▶ Provided information
>>
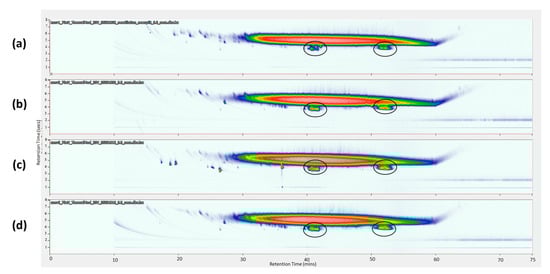 Figure 7 illustrates the conventional oil separations for the thermal modulator platform. Each chromatogram displays several homologous groups, a large UCM, and two distinct groups separated from the UCM (indicated with black circles). The main differences were observed in the nature of the alkanes eluting late in the 2D, as well as in the distribution of hydrocarbons within the UCM. Specifically, in Figure 7a, the brand A 10W-30 conventional oil contained significantly more straight-chain alkanes when compared to the three other conventional samples (b–d). Brand A 5W-20 conventional oil (Figure 7c) contained a higher concentration of di- and tri-substituted naphthenes when compared to the other conventional samples (a, b, and d). When comparing the distribution of compounds within the UCM of the four conventional samples, it could be seen that each blend was slightly different from the others. Brand A 10W-30, as seen in Figure 7a, had a relatively consistent distribution of hydrocarbons within the UCM. Brand B 10W-30 conventional oil (Figure 7b) had a distribution that extended further toward heavier hydrocarbons. Brand A and B 5W-20 oils contained lower concentrations of high-molecular-weight hydrocarbons, which explains their lower viscosity at low temperatures. A key similarity in all four samples was the presence of two distinct groups (indicated by the black circles) separated from the UCM at about 40 and 50 min. Further investigation of these groups will be discussed in Section 3.4.
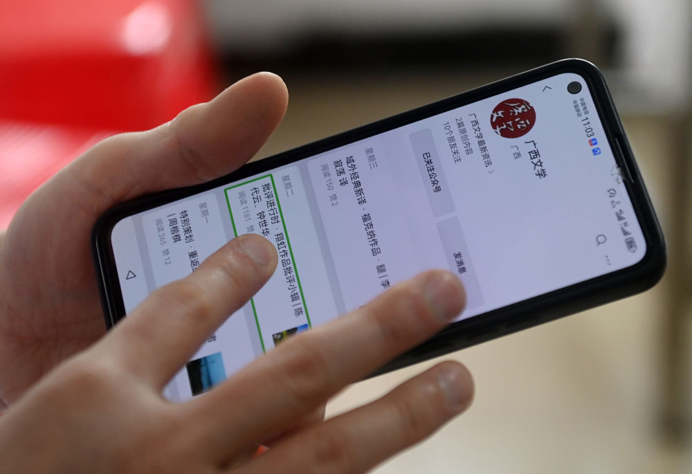 2025年8月13日,李莹在广西南宁市的家中通过手机软件听文学作品。
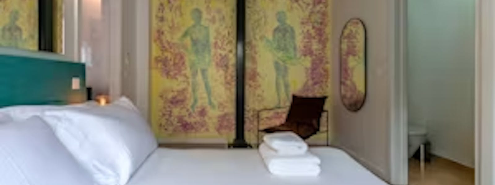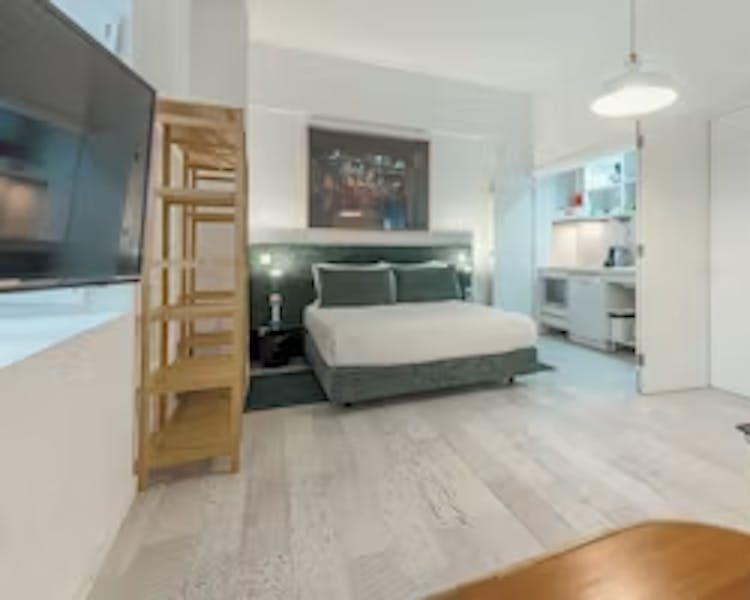 O apartamento tem um quarto espaçoso e luminoso (a casa de banho comunica com o quarto) para três adultos com uma pequena varanda e kitchenette totalmente equipada, incluindo máquina de lavar loiça. Os seus tetos altos contam com grandes obras de Luis Alegre e Pedro Amaral. A casa-de banho situa-se no quarto de casal.
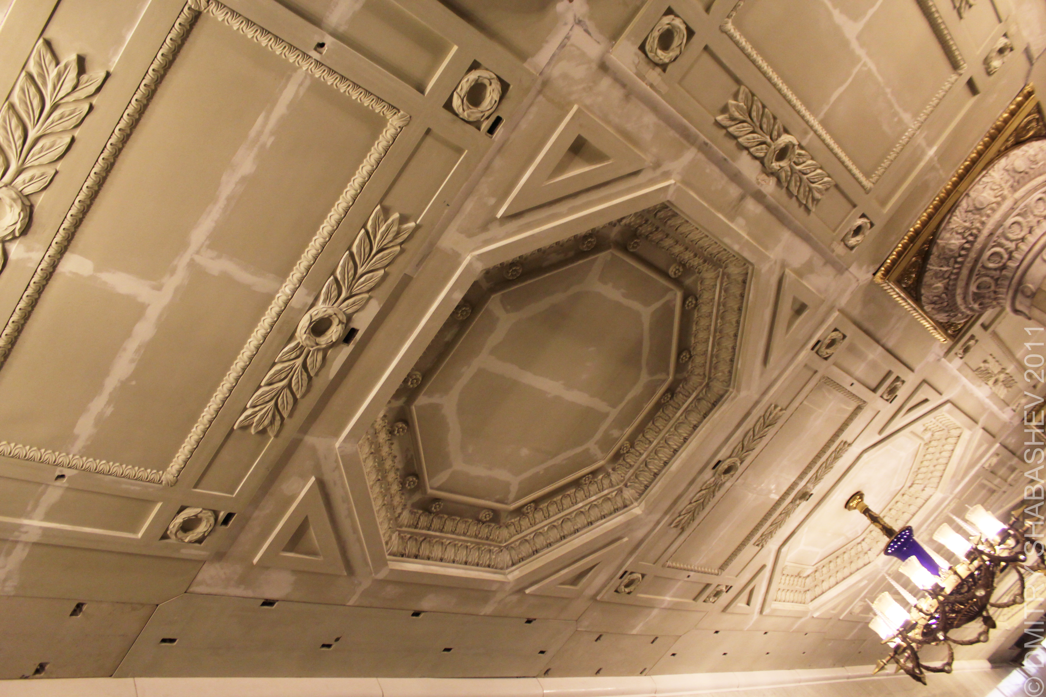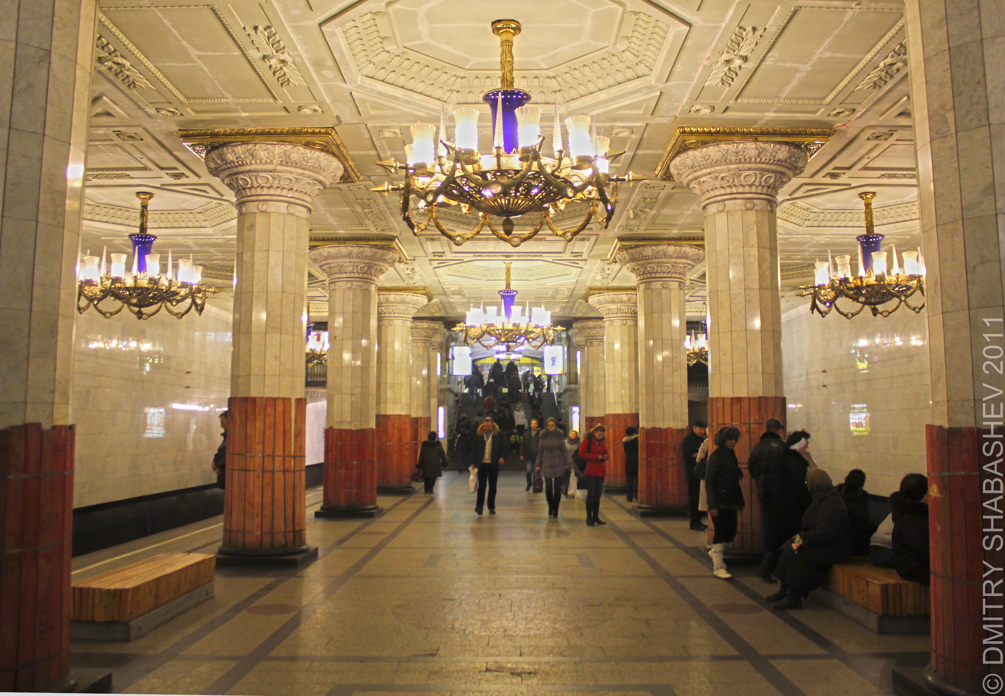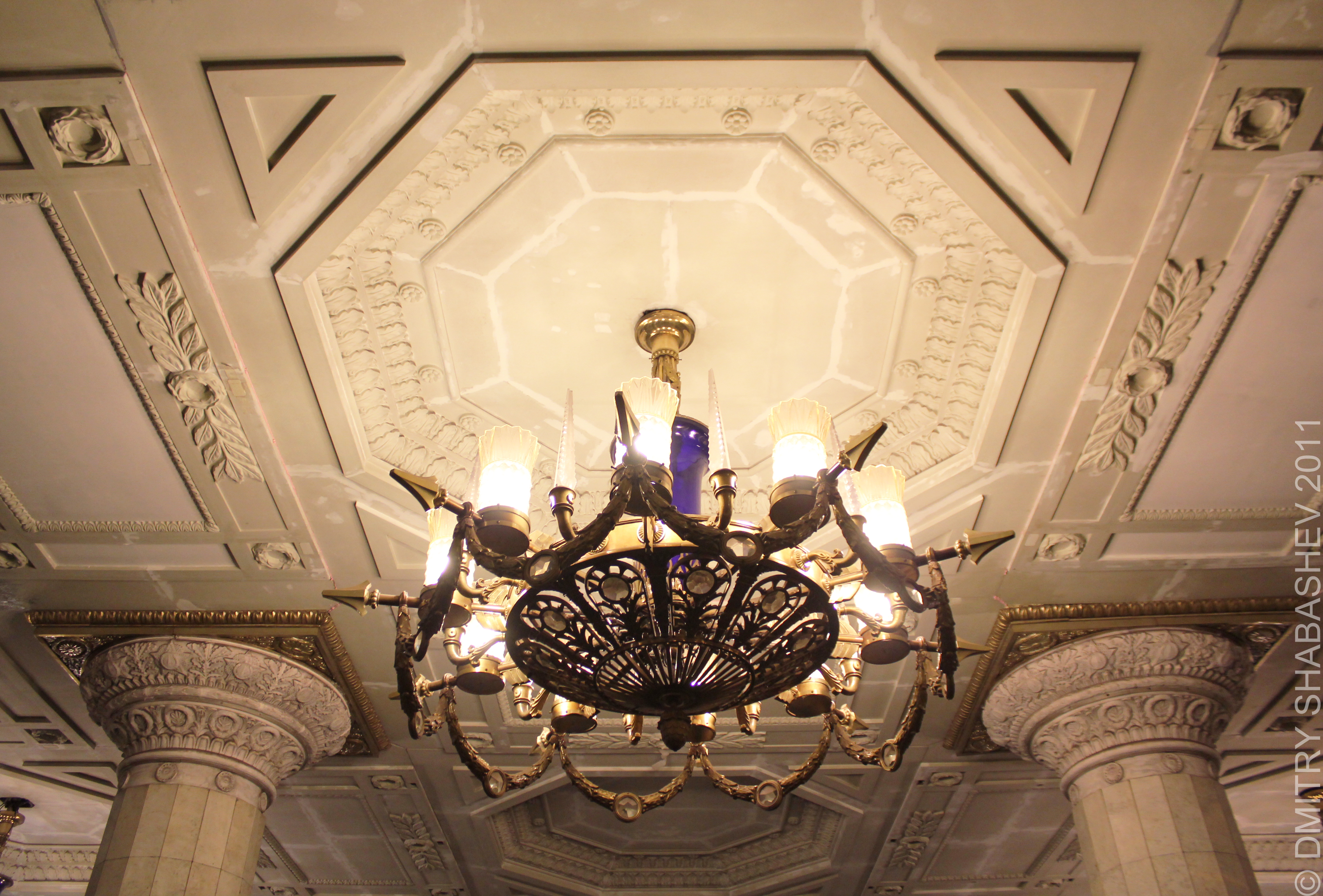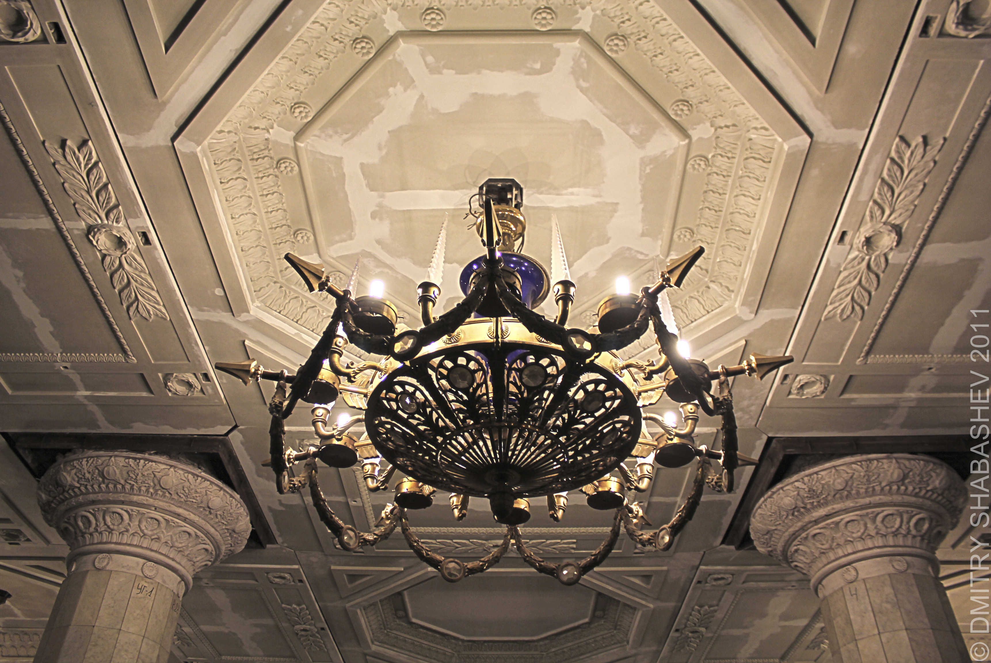 А вот софиты для подсветки панно - не айс. Выходишь из первого вагона - и получаешь ярким светом по глазам. Но мечтать о возврате люстры уже не приходится, судя по всему...
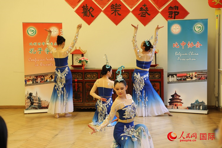 比利时中国舞团还为来宾们奉献了一场独具中国特色的民族舞蹈演出。
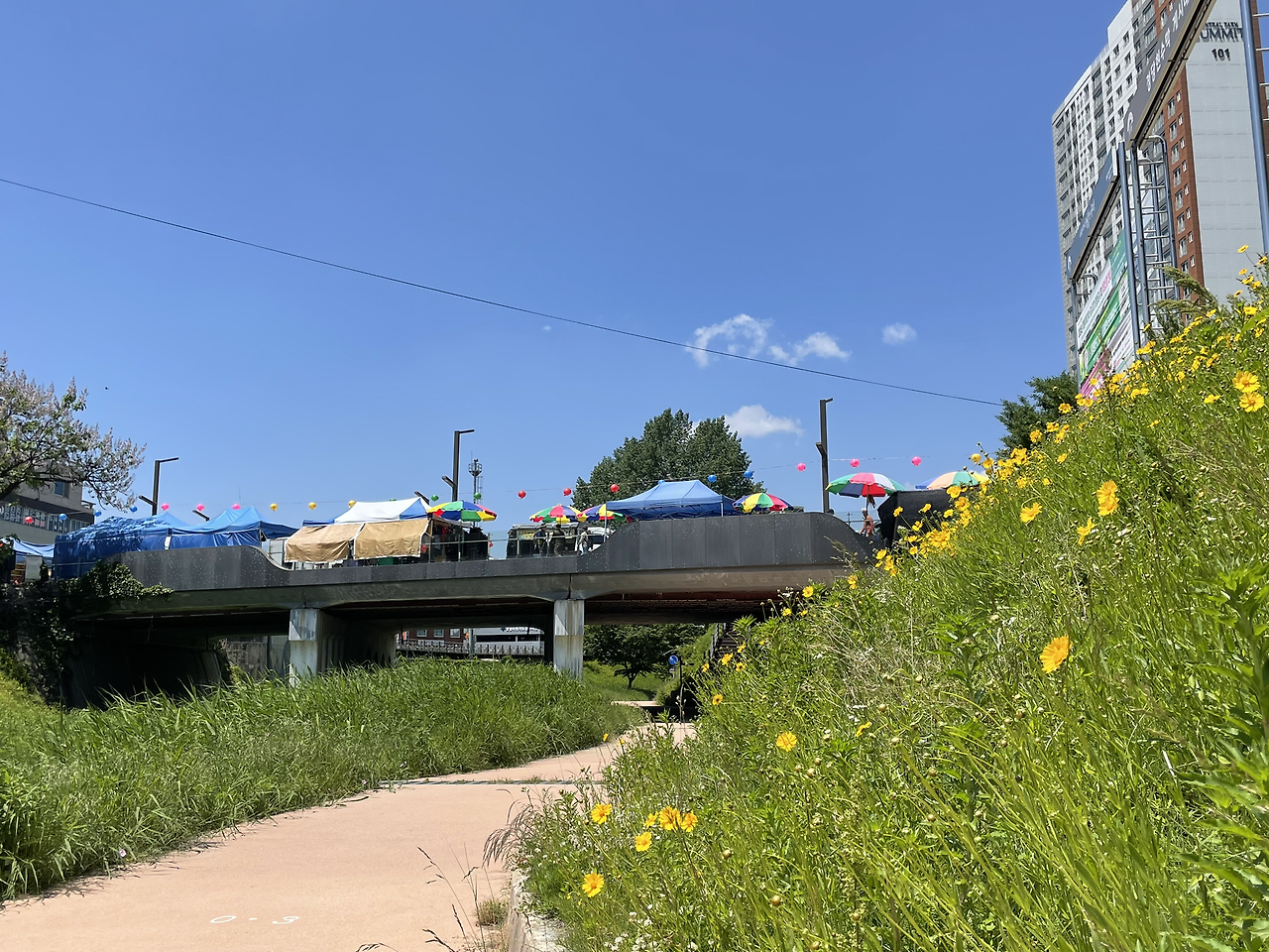 노란 금계국이 가는 날이 장날인, 마침 알록달록 오일장이랑 벗이 되었다.
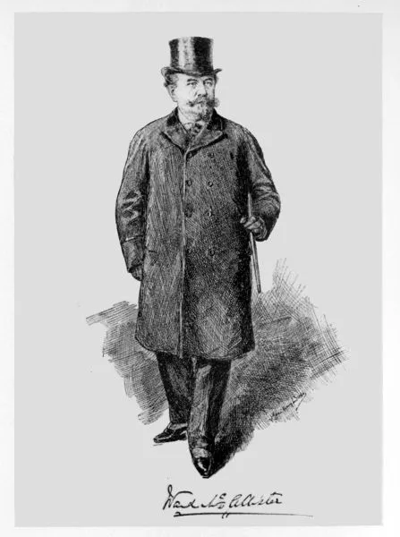 Later, McAllister caromed from one region of the country to the other. As a young man, he ingratiated himself to a wealthy New York spinster aunt who left him a mere thousand dollars in her will (all of which he spent on evening dress for a ball given by Mrs. John C. Stevens, whose husband was the first commodore of the New York Yacht Club). Returning to Savannah, Ward studied law and, with his cousin Sam, sped to San Francisco in 1850 to join the senior McAllister’s new law office in the heady Gold Rush days of the California forty-niners. The legal work was lucrative, though San Francisco’s raucous, ribald “Barbary Coast” was repellent to a young man who already considered himself a connoisseur of fine things and claimed French ancestry and elite family ties. (His father’s favorite maxim was “Be sure, my boy, that you always invite nice people.”)
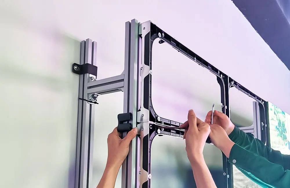 4. La structure d'assemblage et d'installation du produit adopte le tube carré standard mondial. Lors de l'installation, il vous suffit de fixer le tube carré au mur et d'utiliser un assemblage manuel pour connecter les dalles de l'écran. Il n’est pas nécessaire de refaire la boîte et la structure.
<<
▶ Exercise objective
Only the listing above, set down exactly and without pictures, belongs in the answer.

▶ Answer to this task
 Figure 7 illustrates the conventional oil separations for the thermal modulator platform. Each chromatogram displays several homologous groups, a large UCM, and two distinct groups separated from the UCM (indicated with black circles). The main differences were observed in the nature of the alkanes eluting late in the 2D, as well as in the distribution of hydrocarbons within the UCM. Specifically, in Figure 7a, the brand A 10W-30 conventional oil contained significantly more straight-chain alkanes when compared to the three other conventional samples (b–d). Brand A 5W-20 conventional oil (Figure 7c) contained a higher concentration of di- and tri-substituted naphthenes when compared to the other conventional samples (a, b, and d). When comparing the distribution of compounds within the UCM of the four conventional samples, it could be seen that each blend was slightly different from the others. Brand A 10W-30, as seen in Figure 7a, had a relatively consistent distribution of hydrocarbons within the UCM. Brand B 10W-30 conventional oil (Figure 7b) had a distribution that extended further toward heavier hydrocarbons. Brand A and B 5W-20 oils contained lower concentrations of high-molecular-weight hydrocarbons, which explains their lower viscosity at low temperatures. A key similarity in all four samples was the presence of two distinct groups (indicated by the black circles) separated from the UCM at about 40 and 50 min. Further investigation of these groups will be discussed in Section 3.4.
 2025年8月13日,李莹在广西南宁市的家中通过手机软件听文学作品。
 O apartamento tem um quarto espaçoso e luminoso (a casa de banho comunica com o quarto) para três adultos com uma pequena varanda e kitchenette totalmente equipada, incluindo máquina de lavar loiça. Os seus tetos altos contam com grandes obras de Luis Alegre e Pedro Amaral. A casa-de banho situa-se no quarto de casal.
 А вот софиты для подсветки панно - не айс. Выходишь из первого вагона - и получаешь ярким светом по глазам. Но мечтать о возврате люстры уже не приходится, судя по всему...
 比利时中国舞团还为来宾们奉献了一场独具中国特色的民族舞蹈演出。
 노란 금계국이 가는 날이 장날인, 마침 알록달록 오일장이랑 벗이 되었다.
 Later, McAllister caromed from one region of the country to the other. As a young man, he ingratiated himself to a wealthy New York spinster aunt who left him a mere thousand dollars in her will (all of which he spent on evening dress for a ball given by Mrs. John C. Stevens, whose husband was the first commodore of the New York Yacht Club). Returning to Savannah, Ward studied law and, with his cousin Sam, sped to San Francisco in 1850 to join the senior McAllister’s new law office in the heady Gold Rush days of the California forty-niners. The legal work was lucrative, though San Francisco’s raucous, ribald “Barbary Coast” was repellent to a young man who already considered himself a connoisseur of fine things and claimed French ancestry and elite family ties. (His father’s favorite maxim was “Be sure, my boy, that you always invite nice people.”)
 4. La structure d'assemblage et d'installation du produit adopte le tube carré standard mondial. Lors de l'installation, il vous suffit de fixer le tube carré au mur et d'utiliser un assemblage manuel pour connecter les dalles de l'écran. Il n’est pas nécessaire de refaire la boîte et la structure.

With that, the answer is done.